Jason Kidd knows this NBA playoff series is a piece of cake for Dallas Mavericks guard Jalen Brunson.
Twice during a three-year span while playing for Villanova, Brunson helped lead the Wildcats to the NCAA championship. The second time, in 2018, not only was Brunson the best player in the NCAA tournament, he also was a consensus All-American and the best player in college basketball.
In other words, Brunson was all that and a bag of championships.
“What I really respect about JB is he’s always been questioned at every level – high school, college – and he’s always found a way to win,” Kidd said. “You need those type of players on your team for the environment.
“If you’re trying to win a championship you need a JB on there to help that. He’s been doubted here in the league, and he’s had success and I think he’s proven a lot of people wrong.”

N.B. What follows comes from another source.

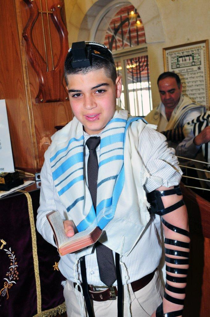 A bar mitzvah boy wearing talit and tefillin, Maoz Zion, Israel

As the Mavs prepare for Game 1 of their best-of-seven first-round playoff series against the Utah Jazz – tipoff is Saturday at noon at American Airlines Center – Brunson said his mentality and focus will stay the same no matter if people continue to doubt his capabilities.
“The game plan and execution and all of that staff changes a little bit,” Brunson said. “One thing I try and think about is that this is still basketball, this is still fun.”
The mitigating circumstances that come with a loss doesn’t even enter Brunson’s mind.
“More is at stake,” he said. “I don’t really consider the pressure. I try and blurt out the added distractions when it comes to the playoffs, but I’m just really excited for this opportunity.
“I’m not really too worried about putting pressure on myself. I don’t see it as pressure. I see it as an opportunity.”
From Brunson’s perspective, if he prepares properly and gets mentally ready to handle whatever Utah throws at him, he knows the results should be what he wants them to be.
“I have the perfect people around me,” Brunson said. “I have great teammates, I have a great coaching staff, and they’re going to put us in position to be successful.
“Us, together as a team, we give each other confidence to go out there and make plays.”
This season has been all about an opportunity for Brunson. He started off this season being a resourceful commodity off the bench for the Mavs, but wound up starting 61 of the 79 games he played in.
“Jalen, with the stage, he’s not afraid,” Kidd said. “You can see his growth. We changed his role, so that just shows character that he can adapt.
“But again, he’s somebody as a coach that gives you the comfort that he’s going to make the right play, and he’s all about winning. That’s just less stress to worry about when he’s on the floor that I don’t have to constantly tell him what to do.”
Brunson and Kidd do share a bond in that they both are point guards who are accustomed to running an offense on a big stage with the lights shining ever so bright. Brunson, obviously, during those two championship runs at Villanova, was the main man at the wheel for the Wildcats.
And while Kidd led the Mavs to the 2011 NBA title, he also was the key player when the New Jersey Nets advanced to the 2002 and ‘03 NBA Finals. Thus, talks between Brunson and Kidd are commonplace.
“He’s been great since he’s been here for me,” Brunson said. “We talk all the time, and sometimes it’s not even really planned. I was walking over here to talk to you (media) guys and we stopped and we chatted for 20-something minutes.
“It’s never planned, which is kind of how I like it. It’s organic. We say the things that we need to say, we hear each other out and move forward. He’s been a big part of the reason how I’ve been able to play the way I’ve played.”
Brunson averaged career highs in points (16.3), rebounds (3.9) and assists (4.8) this season, and also shot 50.2 percent from the field and 37.3 percent from three-point land. In addition, he led the Mavs in games scoring 10 or more points with 68, and also scored 20 or more points in 21 games.
If Luka Doncic’s strained left calf keeps him out of the series opener, Brunson knows the Mavs are expecting more from him on the offensive end of the floor.
“When you think of the Dallas Mavericks, you think of (Doncic),” Brunson said. “That’s our organization right there.
“So obviously I’m very optimistic (Doncic will play in Game 1), and I’m hopeful for the best and we want him out there.”
And if Doncic doesn’t play Saturday?
“I think when Luka was out for a while in the middle of the season we were able to kind of stay afloat,” Brunson said. “So we were able to win games with him not on the court.
“Obviously this is a different test, but we’re just going to have to see. We’re going to prepare for Utah and do what we’ve got to do.”